Incidentally, here’s another piece (one I wrote years ago) that you might enjoy – I examined the demographics of advertising content vs. the demographics of the audiences said ads were trying to reach: http://adage.com/article/the-big-tent/insert-group-beautiful/120591/
All my best,
Jonathon
Thanks! Loved the piece you wrote. L
Wonderful post! Though a physician, I am often assumed to be a social worker or nutritionist (both great professions, but not mine). Female-dominated fields consistently make less than male-dominated fields (eg pediatrics vs internal medicine). Gender bias is pervasive and toxic, even in 2013. Thank you for speaking up.
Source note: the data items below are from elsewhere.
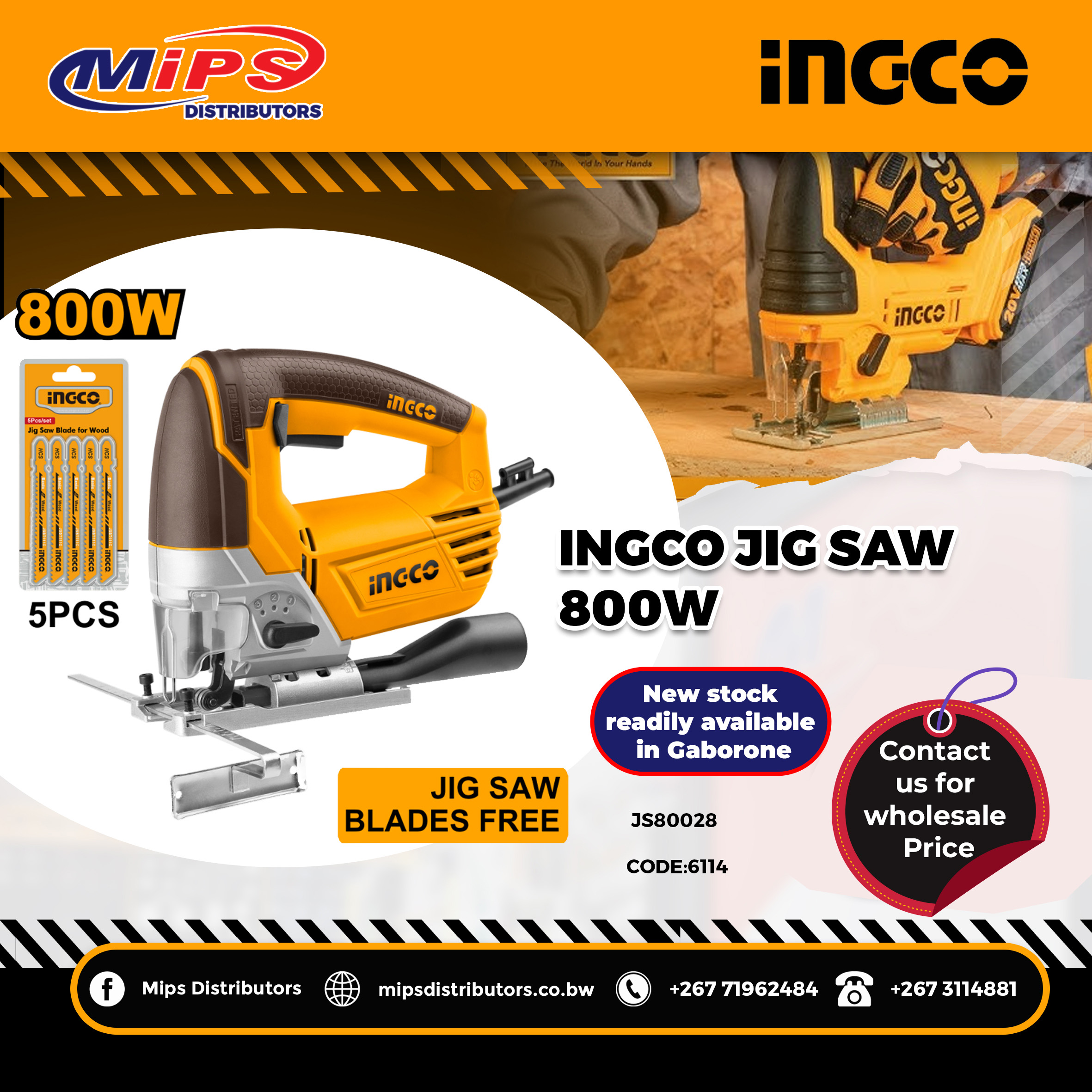 The INGCO Jig Saw 800W (JS80028) is a powerful and versatile cutting tool designed for precision and durability. With an 800W motor, this jig saw delivers strong cutting performance on wood, metal, and plastic, making it ideal for construction companies, carpenters, workshops, and DIY professionals in Botswana.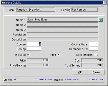 Consumption. Select this check box if this menu item is based on consumption. Selecting this option enables the entry of a quantity used for forecasting. Included is not available if this option is selected. On the BEO, an item marked as Consumption will print price and container — not quantity.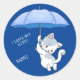 Stickers with a kitty hanging from a umbrella personalised with kitty's name. " I love my Kitty"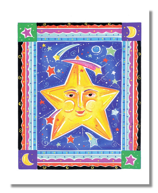 Celestial Star w/Planets Moon and Shooting Stars Wall Picture W/W Matted Framed Art Print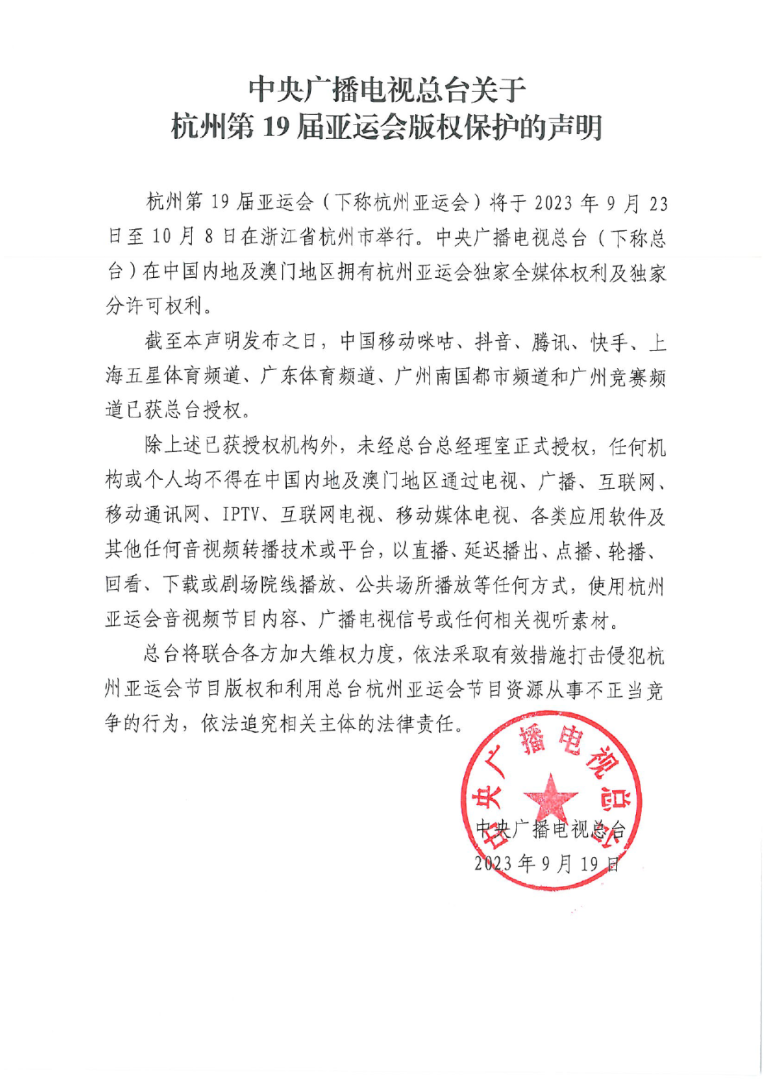 央视新闻,赞1万日前,中央广播电视总台发布声明,明确总台在中国内地及澳门地区拥有杭州亚运会独家全媒体权利及独家分许可权利,总台将联合各方加大维权力度。滑动查看详情↓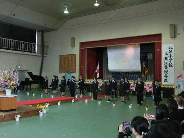| 2026/03/19 卒業式を行いました 3月19日(木)午前に卒業式を行いました。卒業生・在校生の呼びかけ・歌ともすばらしく感動しました。ありがとうございました。卒業生の皆さんは、北浜小学校の卒業生であることを誇りに、自信を持って、進んでいってください。中学校で、活躍することを、心から願っています。 |
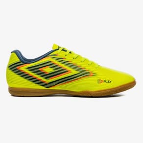 A Chuteira Futsal Umbro Play apresenta um design com efeito 3D e arte do diamante recortado. O cabedal (parte superior do calçado) é construído em material sintético laminado e texturizado, com aplicação de grafismos em linhas onduladas que sobrepõem o Diamante Umbro estilizado, proporcionando uma ilusão de profundidade e movimento em toda a lateral da chuteira. Possui palmilha macia em EVA e forro interno em poliéster. Contém solado de futsal em borracha.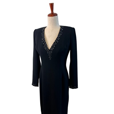 Keywords: VT by Travilla, black dress, formal dress, gown, long sleeve dress, rhinestone dress, evening gown, special occasion dress, little black dress, cocktail dress, party dress, vintage dress, elegant dress, classic dress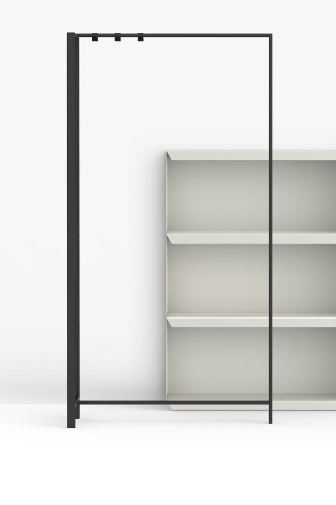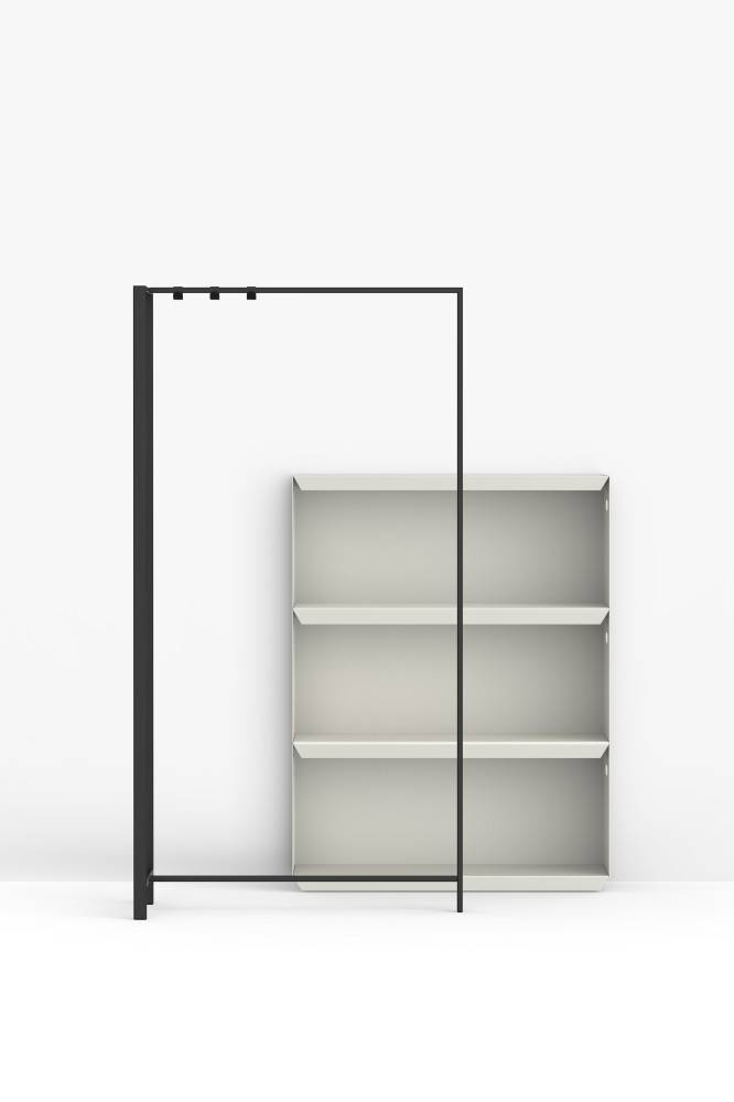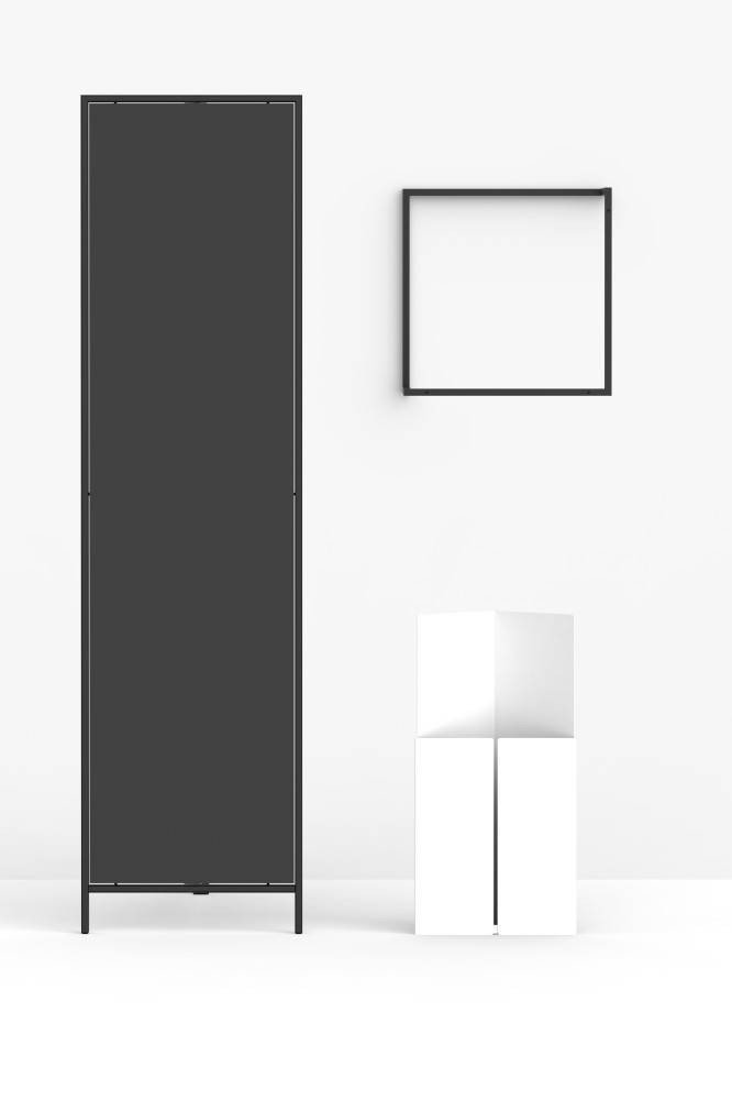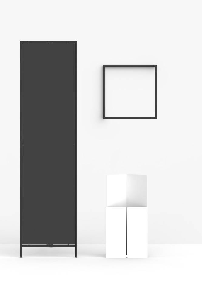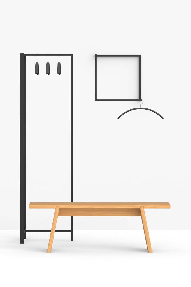 Runko on korkealaatuista epoksimaalattua terästä (saatavana kahdessa värissä). Voit valita ison naulakon tai pienen naulakon. Lisävarusteena päätyyn saatavana paneeli, peili tai ilmoitustaulu. (Lisävarusteiden kanssa Frame suositellaan kiinnitettäväksi seinään, parhaan vakauden saavuttamiseksi.)

Laura, thanks for the note. It is amazing how times don’t change much. Lisa
Hi Lisa
Thank you for this post.
Having spent the bulk of my career involved with public companies I am familiar with the the lack of diversity, not just by gender, of senior management teams and corporate Boards. But having been involved with early stage high growth companies more recently (as an investor and advisor) the issue seems even more glaring at this level … sadly. Not good for the startups themselves or the economy more broadly for many reasons. I wrote a piece on the dearth of women on VC backed Boards earlier this year:
http://adamquinton.blogspot.com/2013/03/iwd-post-women-on-vc-backed-company.html
Best Regards
Adam
Adam, thanks for your note and your article. Glad to see some men paying attention. Lisa
Hi Lisa, this post clearly struck home with me as often I’m the sole female on a board. Nearing the end of my career, I am no longer a 30 year old with stars in my eyes, but disheartened that for women, parity is still so far off in the future. I am a cynic, and rightly so. I had founded and run a great medtech company destroyed by a VC-led board who insisted on bringing in a male CEO, with no top leadership experience, who went on to burn through millions in cash like he had a printing press, but who knew how to shake hands and ‘talk the man talk’ with the board. When I left, I told him he would sink or swim on his own, and he did the former quickly and completely. Thank you for staying true to your gender. Continue to wave our flag at board meetings and at the podium.
Regards,
France
(I was recently asked to join a European med device board; your post explains why.)
Lisa:
Thanks for writing this…..I felt as though you described my own experience. Over the last 13 years I have served on 15 Boards (private and public) and with the exception of 2, was the only woman member. The odd thing is that if you asked the men around the table, they would be surprised to be asked about this….they think there’s nothing wrong with the status quo. Thanks again for speaking up!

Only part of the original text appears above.